В «Российской газете» от 30 августа нынешнего года опубликован законопроект «Об основах охраны здоровья граждан в Российской Федерации».
В статье 47 законопроекта есть предписание, которого не было в прежнем законе. Оно ограничивает возраст детей, родители которых имеют свободное право находиться с ними в больнице:
Одному из родителей (иному законному представителю) или иному члену семьи предоставляется право совместного нахождения с ребенком в возрасте до трех лет включительно в медицинской организации при оказании ему медицинской помощи в стационарных условиях на протяжении всего периода лечения, а с ребенком старше трех лет - при наличии медицинских показаний.
Мне было два года, когда мы переехали в маленький городок в начале уральского предгорья.
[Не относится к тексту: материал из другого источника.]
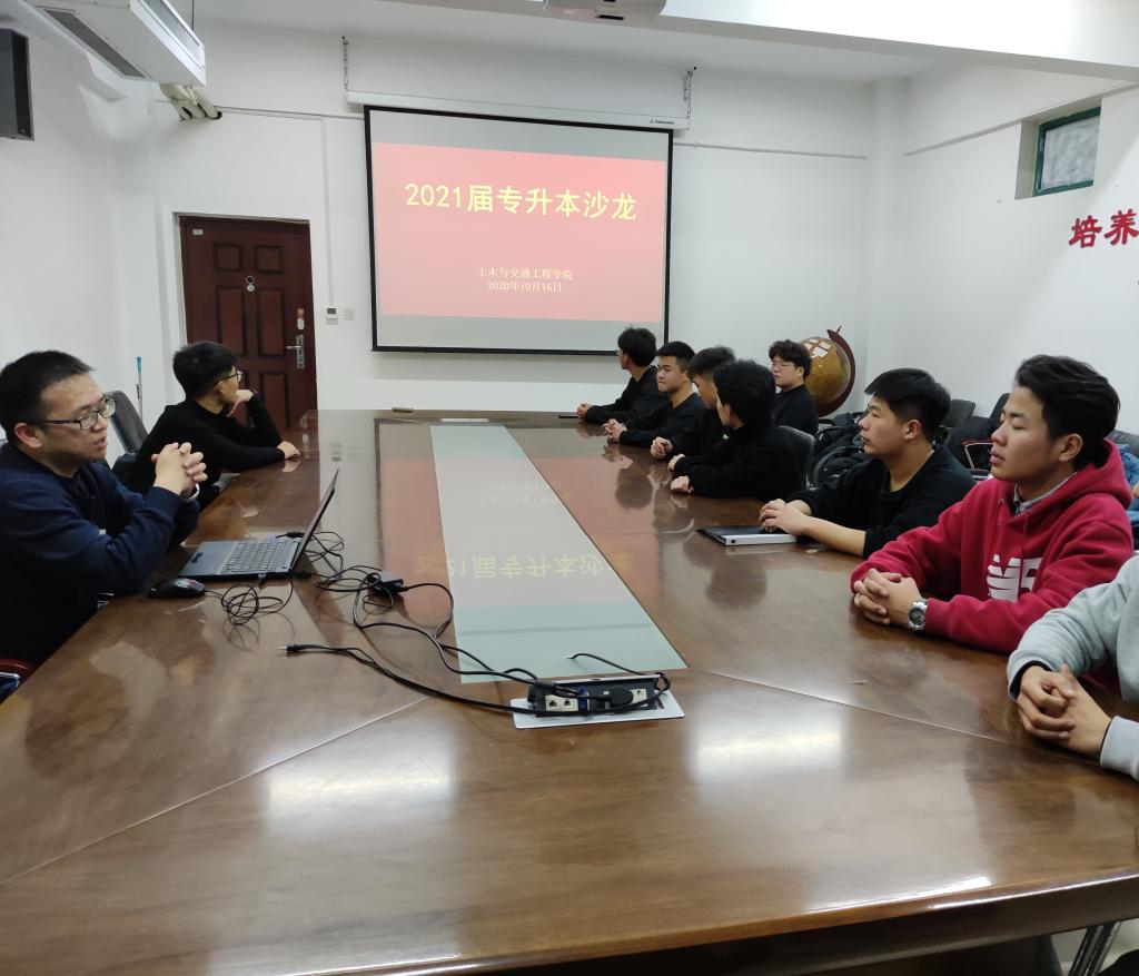 2020年10月16日,我院于实训楼5330召开2018级专升本沙龙。会议由院工学办主任孟宪金主持,参会人员包括工学办朱益兵老师和2018级预报名参加专升本的学生代表。

Там, в резко континентальном климате, я сразу схватила воспаление лёгких, и меня положили в городскую больницу.
Город был совсем чужой, и врачи все незнакомые, и нравы казённо-советские – суровые бюрократические нравы. Словом, мне было два года, и врачи заявили, что меня следует положить в больницу одну, без мамы – и меня положили одну.
Я пролежала там месяц, а когда вернулась из больницы домой, то не разговаривала, словно разучилась. Правда, потом начала. И даже почти всё забыла. И потом – часто болеющий ребёнок – едва не каждый год возвращалась в эту клятую пульмонологию. Когда мне было четыре года, большие двенадцатилетние девицы учили меня умывать лицо обязательно с мылом, время от времени назидательно заворачивая кран, чтобы я, намыленная, поторапливалась. Ещё они рассказывали кошмарные истории про паутинку, висевшую над моей кроватью – будто бы ночью по ней спускается паук и прыгает, понятно же, на меня (оттуда пошла детская привычка спать, укрывшись с головой одеялом).
А больше те девицы, в общем-то, ничего плохого мне не делали. Не бог весть какие муки, верно. Но когда в прошлом году я привезла ночью, в конце ноября, через всю Москву, свою пятилетнюю дочь в дежурную инфекционную больницу, и у неё диагностировали мононуклеоз – и велели мне оставить ребёнка в больнице (прямо сейчас, а вы можете пока вызвать себе такси), - я разом отмотала в памяти эти двадцать с лишним лет, и инстинктивно выпалила: «Нет, это невозможно!»
Потом я слушала, что я ненормальная, что я задерживаю врачей, что я не думаю о ребёнке, и что мне следует написать отказ. Я написала отказ, и нас выставили из приёмного покоя под ноябрьский ливень – милосердно снабдив листком с телефонным номером такси.
Мы дождались такси, и поехали домой; в машине, во втором часу ночи, дочь наконец-то заснула, а назавтра выяснилось, что у неё не мононуклеоз, а ангина.
А я и не знала, что имела тогда законное право настаивать, чтобы меня положили в больницу вместе с ребёнком. Чтобы знать, кто, как и о чём говорит с моей маленькой дочерью. Чтобы помогать, когда ей, больной и температурящей, нужна моя помощь. Чтобы не упустить момент и уточнить диагноз.
Теперь я всего этого сделать не смогу. Право родителей поддержать своего больного малыша оставлено на усмотрение (или на откуп) больницы.
Есть ли для этого аргументы? Они, бесспорно, есть, и называются – деньги. Платите за отдельную палату – и вы будете с ребёнком, купите себе право на поддержку ребёнка, купите своё спокойствие.
И это понятно: больницы не резиновые, а врачи тоже хотят зарабатывать. Но в условиях, когда не выстроена система социального страхования, а нравы немилосердны, дети старше трёх лет превратятся в заложников финансовой состоятельности своих родителей. Причём больные дети, и тогда, когда некому будет их защитить.